Constructed first in 1858 as a chapel on the hill, St Anne’s Church as it is known today, was rebuilt in 1939. Sketch COURTESY/SAVIO LOBO, ARCHITECT

This was one of the many anecdotes that Lobo regaled audiences with on a rainy Sunday evening at the release of his stylish coffee table book of line drawings, Bandra By Hand: Drawing Attention.

Savio Lobo
Savio Lobo believes that the profession of architecture must be seen as far more than private practice, influencing and caring for all aspects of the environment we live in. PIC/EMMANUAL KARBHARI

The meticulous author combed the neighbourhood for its structures and landmarks, and was able to win over countless people who opened their homes to ensure that this stunning ode was fructified. As he writes in the book, the buildings of Bandra showcase a distinctive architectural character in the form of its internal and external verandahs, staircases, terraces and balconies. The intent has been to draw attention to this fine mix of design through line and word.

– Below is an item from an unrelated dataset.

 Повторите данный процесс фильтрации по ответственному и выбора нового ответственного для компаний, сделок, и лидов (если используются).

Excerpts from an interview with the young architect:

bandra by hand

Q. Tell us a bit about your book of line drawings, Bandra By Hand.
A. This book was meant to be a service, in many ways: To highlight and remind others that what we are losing out on is an entire generation of wonderful structures. This process took a little over a year and consists of over 100 sketches. I interviewed over 200 people, and clicked thousands of photographs for my research. I would sketch early each morning, and attend my architectural practice during the remaining part of the day. I would always approach each location with the understanding that I might not be able to return to the site, and hence had to give it my best.

Q. Why did you select Bandra for this unique project?
A. Bandra had its own identity, and had its own municipality even before Independence. It was a charming area, and covered a huge territory at one point. No other area  in Mumbai boasts of such diversity.

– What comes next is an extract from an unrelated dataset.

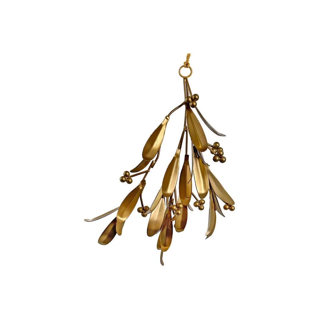 Detta mistel‑ornament i metall (21 cm) kombinerar klassisk julestetik med hållbar design. Den åldrade guldiga ytan ger en antik och lyxig känsla som passar både moderna och traditionella inredningar. Misteln är inte bara en symbol för julefrid och gemenskap utan fungerar även som en dekorativ accent som förhöjer atmosfären i rummet.

Q. This project would have involved plenty of challenges by way of securing permissions from owners of homes and private properties. How did you manage it?
A. It all comes down to protocol. It’s important to talk to people before beginning any such venture. People should not get offended; after all, we are invading their privacy and space. The entire process had to be conducted in the most ethical manner possible. It was an uphill task to make them comprehend the vision for this project.

Q. Were you happy with the final product?
A. I was delighted. My wife, Gina — who designed the book — and I had set ourselves a deadline for this title, and we were able to achieve it. By self-publishing it, we had total control over its content, could ensure high quality and follow strict parameters without external interference. Gina played a huge role in the final product. It’s been an equal partnership. This book wouldn’t have been possible without her input.

Q. Darryl D’Monte mentioned in your book’s foreword that you wrote a series on the city called The Far Pavilions in mid-day. Tell our readers about that experience.
A. 25 years back, mid-day had commissioned me to do a series on the lesser-known yet prominent buildings of Mumbai. For a little over a year, on the first Friday of every month, my sketches with accompanying write-ups appeared in the newspaper. These ranged from buildings, like libraries and mansions and covered sites from Colaba to Opera House. These weren’t necessarily protected buildings but important landmarks of the city.

Kekee Manzil: The entrance to this edifice is magnificent, to the accompaniment of balusters that form polygonal balustrades that support stone coping as one ascends the flight of marble steps. This building was designed for the present family’s father; construction began in 1917, and it was completed in 1920.

Kekee Manzil

This elaborately designed stone facade, with narrow projecting balconies, adorned with fine wrought iron railings, has braved the elements for almost a century. A labyrinth fret is positioned beneath the cornices at every floor externally. The ground plus two storeyed residence is internally connected by a timber geometrical staircase.

St Stephen's Church: Located almost on top of Mount Mary’s Hill, this church was opened for worship on December 26, 1853, and continues to serve the faithful. Apart from a simple facade, its interior is a delight, consisting of beautiful stained glass windows depicting the martyrdom of St Stephen, finely decorated pews, lectern, altar rail and pulpit.


It has a hammer beam roof supported on timber trusses. The church’s apex is the bell-cot and is located above the main entrance which faces due west.

Charlotte Ville: This residence was built in 1925. It is a ground plus one storeyed structure and is sited in a compound with plenty of greens space.

It has an external staircase that allows for independent access to the floor above. The first floor has a pitched roof.